Argued on September 6, 2022

Before: JORDAN, HARDIMAN, and MATEY, Circuit Judges.

(Filed: January 26, 2023) Rachael A. Honig Philip R. Sellinger Mark E. Coyne Richard J. Ramsay [Argued] Office of United States Attorney 970 Broad Street, Room 700 Newark, NJ 07102 Counsel for Appellant

Neal K. Katyal Sean M. Marotta Danielle D. Stempel [Argued] Hogan Lovells US 555 Thirteenth Street, N.W., Columbia Square Washington, DC 20004

Lisa Van Hoeck Office of Federal Public Defender 22 South Clinton Avenue Station Plaza #4, 4th Floor Trenton, NJ 08609 Counsel for Defendant-Appellee Davina T. Chen National Sentencing Resource Counsel Federal Public & Community Defenders 321 East Second Street Los Angeles, CA 90012 Counsel for Amici American Civil Liberties Union Foundation, American Civil Liberties Union Foundation of Delaware, America Civil Liberties Union Foundation of New Jersey, American Civil

2 Liberties Union Foundation of Pennsylvania, and National Association of Criminal Defense Lawyers, in support of Defendant-Appellee

Sarah H. Concannon Quinn Emanuel Urquhart & Sullivan 1300 I Street, N.W. Suite 900 Washington, DC 20005 Counsel for Amicus National Association for Public Defense, in support of Defendant-Appellee

___________

OPINION OF THE COURT ____________

HARDIMAN, Circuit Judge.

This appeal requires us to decide whether Jamar Lewis’s 2012 conviction for possession with intent to distribute marijuana in violation of N.J. Stat.
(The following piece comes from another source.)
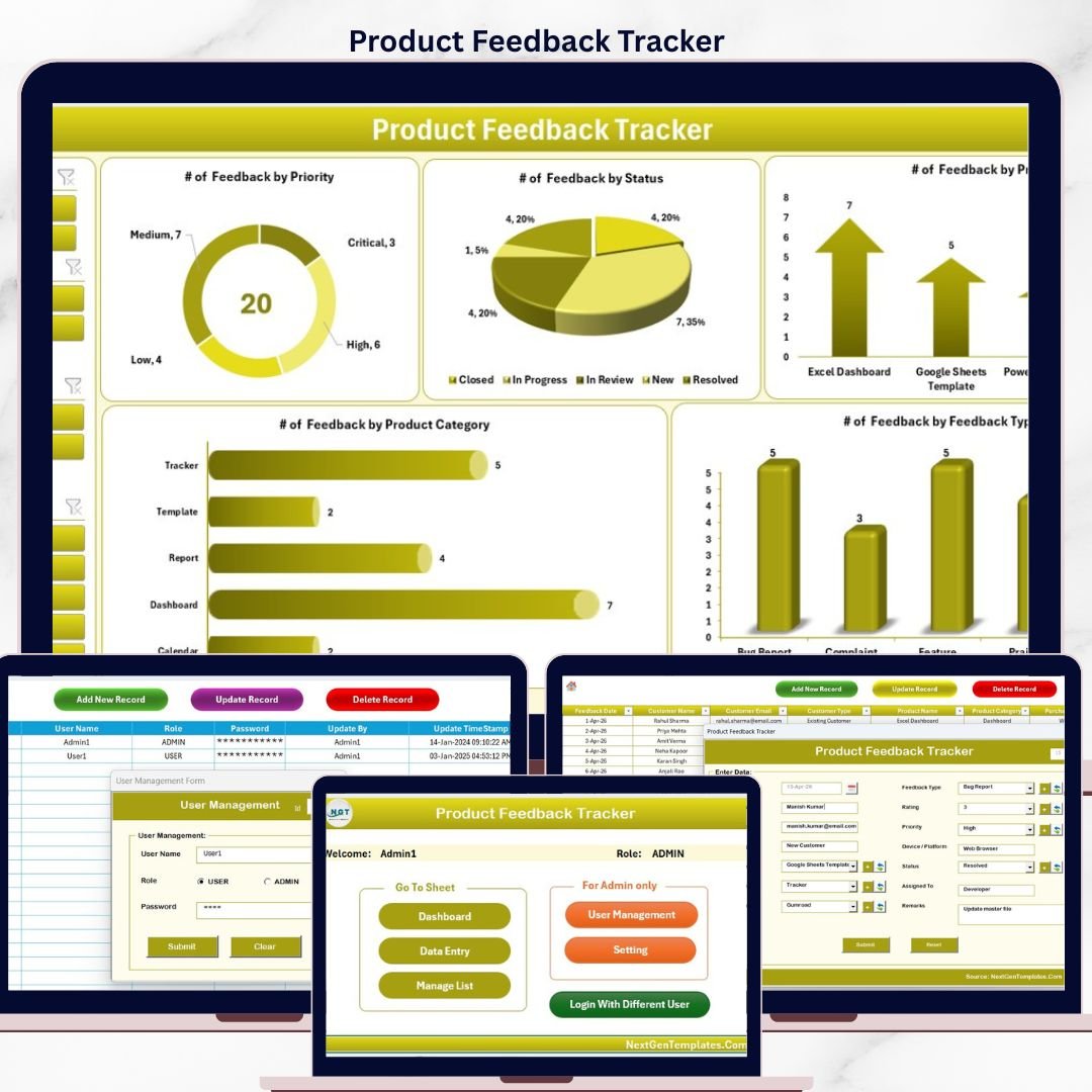 The Product Feedback Tracker in Excel captures structured customer and user feedback across 8 purpose-built worksheets, with a password-protected Login Form, a VBA-powered Data Entry form (Add / Update / Delete), a Dashboard page with 4 slicers and 5 auto-refreshing charts, plus a dedicated User Management sheet. Replace the sample feedback records and every KPI, chart, and filter updates in under 10 minutes.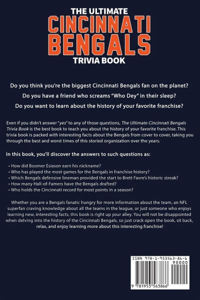 Do you think you're the biggest Cincinnati Bengals fan on the planet? Do you have a friend who screams "Who Dey" in their sleep? Do you want to learn about the history of your favorite franchise? Even if you didn't answer "yes" to any of those questions, The Ultimate Cincinnati Bengals Trivia Book is the best book to teach you about the history of your favorite franchise. This trivia book is packed with interesting facts about the Bengals from cover to cover, taking you through the best and worst times of this storied organization over the years. In this book, you'll discover the answers to such questions as:How did Boomer Esiason earn his nickname? Who has played the most games for the Bengals in franchise history? Which Bengals defensive lineman provided the start to Brett Favre's historic streak? How many Hall-of-Famers have the Bengals drafted? Who holds the Cincinnati record for most points in a season? Whether you are a Bengals fanatic hungry for more information about the team, an NFL superfan craving knowledge about all the teams in the league, or just someone who enjoys learning new, interesting facts, this book is right up your alley. You will not be disappointed when delving into the history of the Cincinnati Bengals, so just crack open the book, sit back, relax, and enjoy learning more about this interesting franchise!

Ann. § 2C:35-5 is a “controlled substance offense” under § 2K2.1(a)(4)(A) of the United States Sentencing Guidelines. We hold that it is.

I

In July 2020, Lewis pleaded guilty in the United States District Court for the District of New Jersey to unlawful possession of a firearm in violation of 18 U.S.C. § 922(g). That crime normally carries a base offense level of 14, but it increases to 20 for a defendant convicted of a prior “controlled

3 substance offense.” U.S.S.G. § 2K2.1(a)(4)(A). A “controlled substance offense” is defined by the Guidelines as

an offense under federal or state law, punishable by imprisonment for a term exceeding one year, that prohibits the manufacture, import, export, distribution, or dispensing of a controlled substance (or a counterfeit substance) or the possession of a controlled substance (or a counterfeit substance) with intent to manufacture, import, export, distribute, or dispense.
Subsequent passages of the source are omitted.